**Task brief**
Copy nothing before the line containing "The 3M Xtract Cubitron II Disc 775L is". Reproduce that line and all that follow, exactly, through the end of the records.

Start of Provided records

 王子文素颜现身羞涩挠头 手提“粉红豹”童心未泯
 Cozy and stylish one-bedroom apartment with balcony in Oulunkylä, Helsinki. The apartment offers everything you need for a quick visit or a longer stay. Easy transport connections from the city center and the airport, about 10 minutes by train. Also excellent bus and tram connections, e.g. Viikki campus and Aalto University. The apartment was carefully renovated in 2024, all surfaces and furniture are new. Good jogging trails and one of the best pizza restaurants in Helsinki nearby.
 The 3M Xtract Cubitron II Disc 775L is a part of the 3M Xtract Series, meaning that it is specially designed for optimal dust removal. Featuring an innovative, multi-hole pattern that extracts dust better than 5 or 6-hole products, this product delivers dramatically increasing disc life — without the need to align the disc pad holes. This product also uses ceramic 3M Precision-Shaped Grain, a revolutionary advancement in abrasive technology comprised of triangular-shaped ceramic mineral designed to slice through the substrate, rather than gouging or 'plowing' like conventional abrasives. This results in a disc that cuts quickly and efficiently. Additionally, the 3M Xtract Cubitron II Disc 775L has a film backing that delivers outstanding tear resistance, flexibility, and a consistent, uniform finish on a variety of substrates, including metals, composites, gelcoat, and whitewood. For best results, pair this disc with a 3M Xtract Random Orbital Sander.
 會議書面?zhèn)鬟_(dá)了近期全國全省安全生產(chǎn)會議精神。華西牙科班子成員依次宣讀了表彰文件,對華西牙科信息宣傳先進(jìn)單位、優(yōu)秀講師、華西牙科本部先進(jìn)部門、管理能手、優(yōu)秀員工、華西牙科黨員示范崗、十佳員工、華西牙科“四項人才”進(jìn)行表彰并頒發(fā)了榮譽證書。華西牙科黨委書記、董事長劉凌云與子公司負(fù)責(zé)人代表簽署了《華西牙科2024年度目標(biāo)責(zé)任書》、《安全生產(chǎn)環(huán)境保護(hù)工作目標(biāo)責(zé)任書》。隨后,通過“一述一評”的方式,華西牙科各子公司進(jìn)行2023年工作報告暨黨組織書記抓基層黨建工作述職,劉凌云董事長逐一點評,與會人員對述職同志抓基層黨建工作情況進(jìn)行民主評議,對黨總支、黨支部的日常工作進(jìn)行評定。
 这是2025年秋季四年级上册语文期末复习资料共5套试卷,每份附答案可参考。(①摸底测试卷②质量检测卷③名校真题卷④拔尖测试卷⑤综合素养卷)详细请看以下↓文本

End of Provided records

**Response to this task**
 The 3M Xtract Cubitron II Disc 775L is a part of the 3M Xtract Series, meaning that it is specially designed for optimal dust removal. Featuring an innovative, multi-hole pattern that extracts dust better than 5 or 6-hole products, this product delivers dramatically increasing disc life — without the need to align the disc pad holes. This product also uses ceramic 3M Precision-Shaped Grain, a revolutionary advancement in abrasive technology comprised of triangular-shaped ceramic mineral designed to slice through the substrate, rather than gouging or 'plowing' like conventional abrasives. This results in a disc that cuts quickly and efficiently. Additionally, the 3M Xtract Cubitron II Disc 775L has a film backing that delivers outstanding tear resistance, flexibility, and a consistent, uniform finish on a variety of substrates, including metals, composites, gelcoat, and whitewood. For best results, pair this disc with a 3M Xtract Random Orbital Sander.
 會議書面?zhèn)鬟_(dá)了近期全國全省安全生產(chǎn)會議精神。華西牙科班子成員依次宣讀了表彰文件,對華西牙科信息宣傳先進(jìn)單位、優(yōu)秀講師、華西牙科本部先進(jìn)部門、管理能手、優(yōu)秀員工、華西牙科黨員示范崗、十佳員工、華西牙科“四項人才”進(jìn)行表彰并頒發(fā)了榮譽證書。華西牙科黨委書記、董事長劉凌云與子公司負(fù)責(zé)人代表簽署了《華西牙科2024年度目標(biāo)責(zé)任書》、《安全生產(chǎn)環(huán)境保護(hù)工作目標(biāo)責(zé)任書》。隨后,通過“一述一評”的方式,華西牙科各子公司進(jìn)行2023年工作報告暨黨組織書記抓基層黨建工作述職,劉凌云董事長逐一點評,與會人員對述職同志抓基層黨建工作情況進(jìn)行民主評議,對黨總支、黨支部的日常工作進(jìn)行評定。
 这是2025年秋季四年级上册语文期末复习资料共5套试卷,每份附答案可参考。(①摸底测试卷②质量检测卷③名校真题卷④拔尖测试卷⑤综合素养卷)详细请看以下↓文本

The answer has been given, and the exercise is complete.